Problem description: Produce an exact copy of all the data below, dropping every image.

Records:
+++++

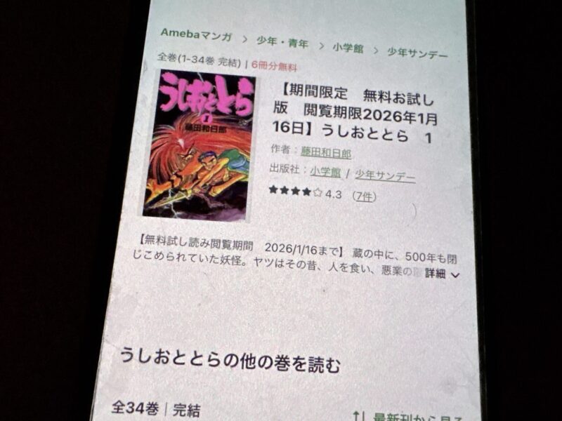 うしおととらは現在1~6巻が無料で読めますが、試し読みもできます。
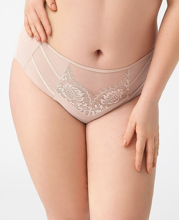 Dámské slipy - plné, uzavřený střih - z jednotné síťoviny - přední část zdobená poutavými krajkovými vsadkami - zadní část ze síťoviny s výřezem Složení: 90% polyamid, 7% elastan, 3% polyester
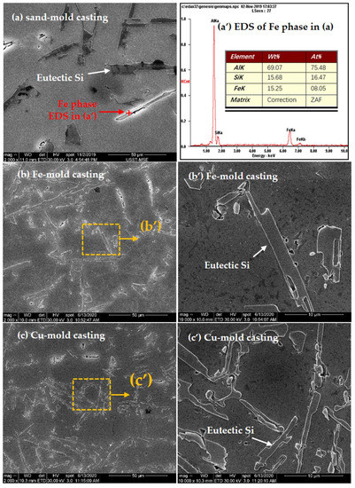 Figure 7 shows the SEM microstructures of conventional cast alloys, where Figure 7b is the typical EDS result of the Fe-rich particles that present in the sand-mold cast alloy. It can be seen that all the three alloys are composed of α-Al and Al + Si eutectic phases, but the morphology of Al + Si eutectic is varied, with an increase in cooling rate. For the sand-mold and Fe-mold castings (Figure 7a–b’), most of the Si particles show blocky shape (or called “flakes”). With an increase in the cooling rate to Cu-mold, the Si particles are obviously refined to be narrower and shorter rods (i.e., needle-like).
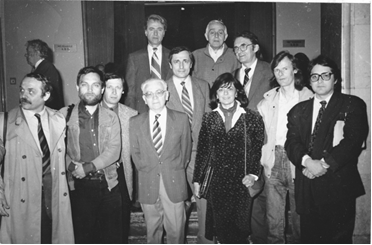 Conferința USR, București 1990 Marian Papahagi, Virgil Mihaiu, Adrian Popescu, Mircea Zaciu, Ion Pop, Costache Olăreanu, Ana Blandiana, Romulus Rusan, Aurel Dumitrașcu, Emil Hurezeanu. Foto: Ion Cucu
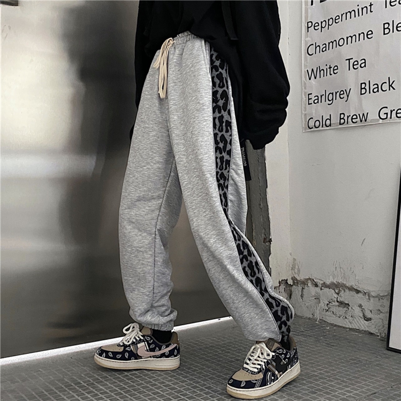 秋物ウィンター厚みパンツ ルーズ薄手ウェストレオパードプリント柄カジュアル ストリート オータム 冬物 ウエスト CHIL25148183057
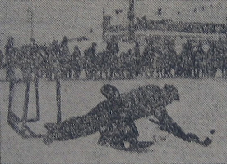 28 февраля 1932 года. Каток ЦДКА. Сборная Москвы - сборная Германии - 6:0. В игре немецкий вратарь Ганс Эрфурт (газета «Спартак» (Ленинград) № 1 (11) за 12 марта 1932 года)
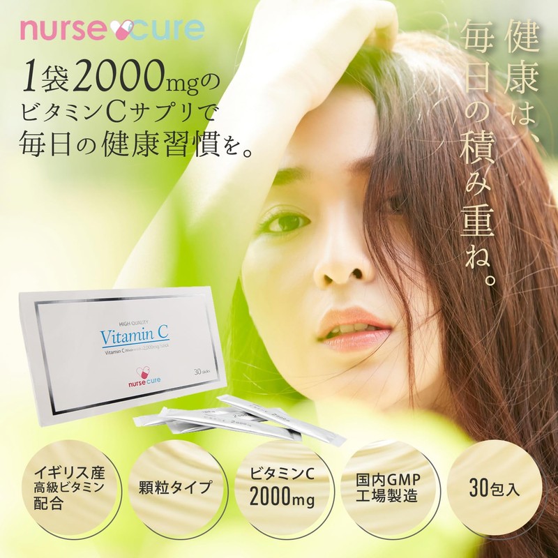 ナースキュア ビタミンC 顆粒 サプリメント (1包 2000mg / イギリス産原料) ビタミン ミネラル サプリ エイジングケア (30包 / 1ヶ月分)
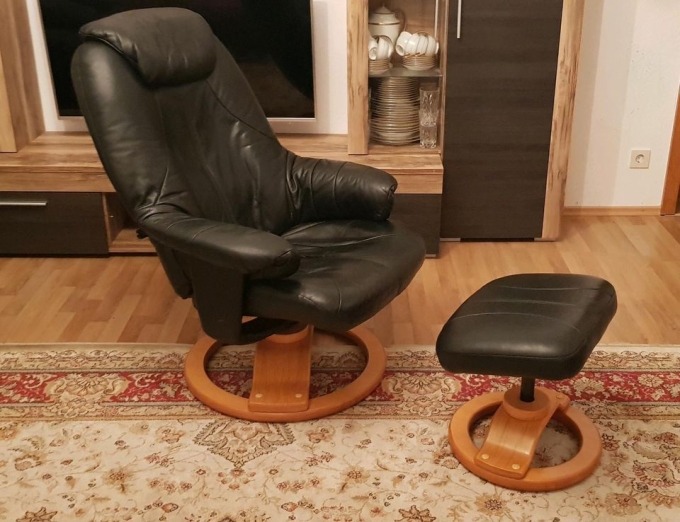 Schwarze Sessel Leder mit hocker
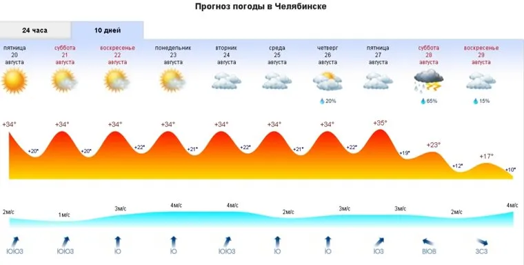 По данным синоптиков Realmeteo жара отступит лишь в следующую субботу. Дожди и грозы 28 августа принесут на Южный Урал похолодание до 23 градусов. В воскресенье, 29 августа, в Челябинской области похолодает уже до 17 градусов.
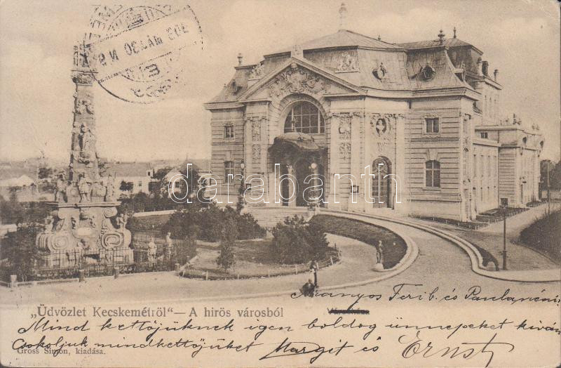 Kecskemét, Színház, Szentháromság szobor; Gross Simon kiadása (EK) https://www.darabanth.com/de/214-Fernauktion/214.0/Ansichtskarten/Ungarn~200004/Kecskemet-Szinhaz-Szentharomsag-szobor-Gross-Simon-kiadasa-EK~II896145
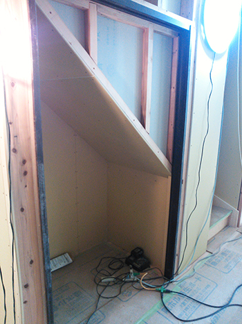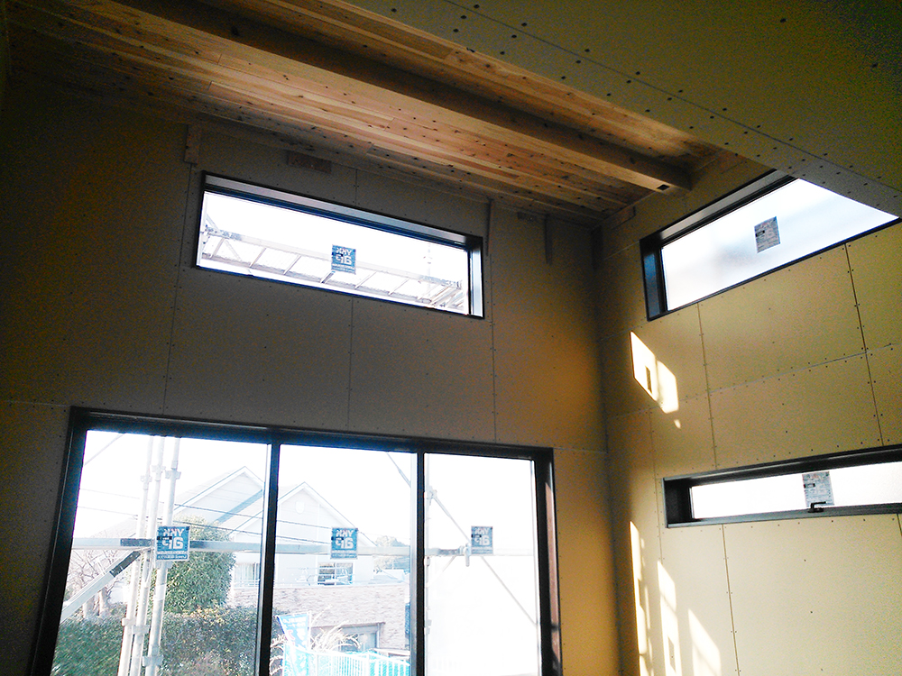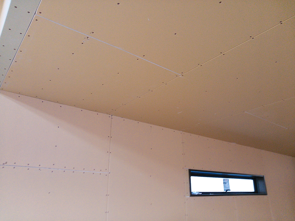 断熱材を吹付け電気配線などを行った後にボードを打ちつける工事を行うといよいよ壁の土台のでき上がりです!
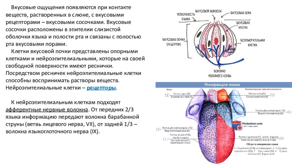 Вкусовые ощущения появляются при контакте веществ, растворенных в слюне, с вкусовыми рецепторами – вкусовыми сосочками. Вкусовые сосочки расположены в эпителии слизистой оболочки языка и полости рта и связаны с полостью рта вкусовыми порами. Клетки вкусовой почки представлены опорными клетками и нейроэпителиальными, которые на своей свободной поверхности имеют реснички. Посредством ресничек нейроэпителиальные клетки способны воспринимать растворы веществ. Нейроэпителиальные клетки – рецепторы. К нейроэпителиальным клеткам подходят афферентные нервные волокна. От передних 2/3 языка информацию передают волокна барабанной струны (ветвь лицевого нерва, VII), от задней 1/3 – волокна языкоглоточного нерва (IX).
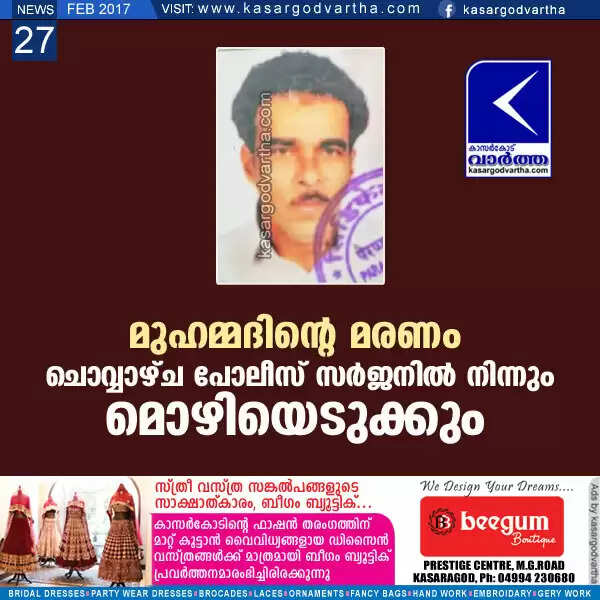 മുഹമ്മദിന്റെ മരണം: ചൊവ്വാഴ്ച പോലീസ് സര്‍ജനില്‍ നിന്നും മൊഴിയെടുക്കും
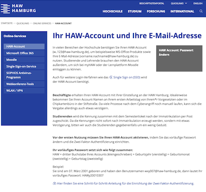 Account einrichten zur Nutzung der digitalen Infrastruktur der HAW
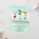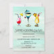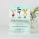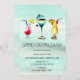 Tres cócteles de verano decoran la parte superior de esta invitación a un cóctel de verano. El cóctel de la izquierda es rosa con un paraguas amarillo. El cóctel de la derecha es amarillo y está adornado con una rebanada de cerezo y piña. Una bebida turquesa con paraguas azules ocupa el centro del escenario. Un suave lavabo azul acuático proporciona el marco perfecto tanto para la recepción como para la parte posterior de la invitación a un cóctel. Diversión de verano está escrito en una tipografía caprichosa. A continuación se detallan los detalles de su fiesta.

+++++

Answer area:
 うしおととらは現在1~6巻が無料で読めますが、試し読みもできます。
 Dámské slipy - plné, uzavřený střih - z jednotné síťoviny - přední část zdobená poutavými krajkovými vsadkami - zadní část ze síťoviny s výřezem Složení: 90% polyamid, 7% elastan, 3% polyester
 Figure 7 shows the SEM microstructures of conventional cast alloys, where Figure 7b is the typical EDS result of the Fe-rich particles that present in the sand-mold cast alloy. It can be seen that all the three alloys are composed of α-Al and Al + Si eutectic phases, but the morphology of Al + Si eutectic is varied, with an increase in cooling rate. For the sand-mold and Fe-mold castings (Figure 7a–b’), most of the Si particles show blocky shape (or called “flakes”). With an increase in the cooling rate to Cu-mold, the Si particles are obviously refined to be narrower and shorter rods (i.e., needle-like).
 Conferința USR, București 1990 Marian Papahagi, Virgil Mihaiu, Adrian Popescu, Mircea Zaciu, Ion Pop, Costache Olăreanu, Ana Blandiana, Romulus Rusan, Aurel Dumitrașcu, Emil Hurezeanu. Foto: Ion Cucu
 秋物ウィンター厚みパンツ ルーズ薄手ウェストレオパードプリント柄カジュアル ストリート オータム 冬物 ウエスト CHIL25148183057
 28 февраля 1932 года. Каток ЦДКА. Сборная Москвы - сборная Германии - 6:0. В игре немецкий вратарь Ганс Эрфурт (газета «Спартак» (Ленинград) № 1 (11) за 12 марта 1932 года)
 ナースキュア ビタミンC 顆粒 サプリメント (1包 2000mg / イギリス産原料) ビタミン ミネラル サプリ エイジングケア (30包 / 1ヶ月分)
 Schwarze Sessel Leder mit hocker
 По данным синоптиков Realmeteo жара отступит лишь в следующую субботу. Дожди и грозы 28 августа принесут на Южный Урал похолодание до 23 градусов. В воскресенье, 29 августа, в Челябинской области похолодает уже до 17 градусов.
 Kecskemét, Színház, Szentháromság szobor; Gross Simon kiadása (EK) https://www.darabanth.com/de/214-Fernauktion/214.0/Ansichtskarten/Ungarn~200004/Kecskemet-Szinhaz-Szentharomsag-szobor-Gross-Simon-kiadasa-EK~II896145
 断熱材を吹付け電気配線などを行った後にボードを打ちつける工事を行うといよいよ壁の土台のでき上がりです!
 Вкусовые ощущения появляются при контакте веществ, растворенных в слюне, с вкусовыми рецепторами – вкусовыми сосочками. Вкусовые сосочки расположены в эпителии слизистой оболочки языка и полости рта и связаны с полостью рта вкусовыми порами. Клетки вкусовой почки представлены опорными клетками и нейроэпителиальными, которые на своей свободной поверхности имеют реснички. Посредством ресничек нейроэпителиальные клетки способны воспринимать растворы веществ. Нейроэпителиальные клетки – рецепторы. К нейроэпителиальным клеткам подходят афферентные нервные волокна. От передних 2/3 языка информацию передают волокна барабанной струны (ветвь лицевого нерва, VII), от задней 1/3 – волокна языкоглоточного нерва (IX).
 മുഹമ്മദിന്റെ മരണം: ചൊവ്വാഴ്ച പോലീസ് സര്‍ജനില്‍ നിന്നും മൊഴിയെടുക്കും
 Account einrichten zur Nutzung der digitalen Infrastruktur der HAW
 Tres cócteles de verano decoran la parte superior de esta invitación a un cóctel de verano. El cóctel de la izquierda es rosa con un paraguas amarillo. El cóctel de la derecha es amarillo y está adornado con una rebanada de cerezo y piña. Una bebida turquesa con paraguas azules ocupa el centro del escenario. Un suave lavabo azul acuático proporciona el marco perfecto tanto para la recepción como para la parte posterior de la invitación a un cóctel. Diversión de verano está escrito en una tipografía caprichosa. A continuación se detallan los detalles de su fiesta.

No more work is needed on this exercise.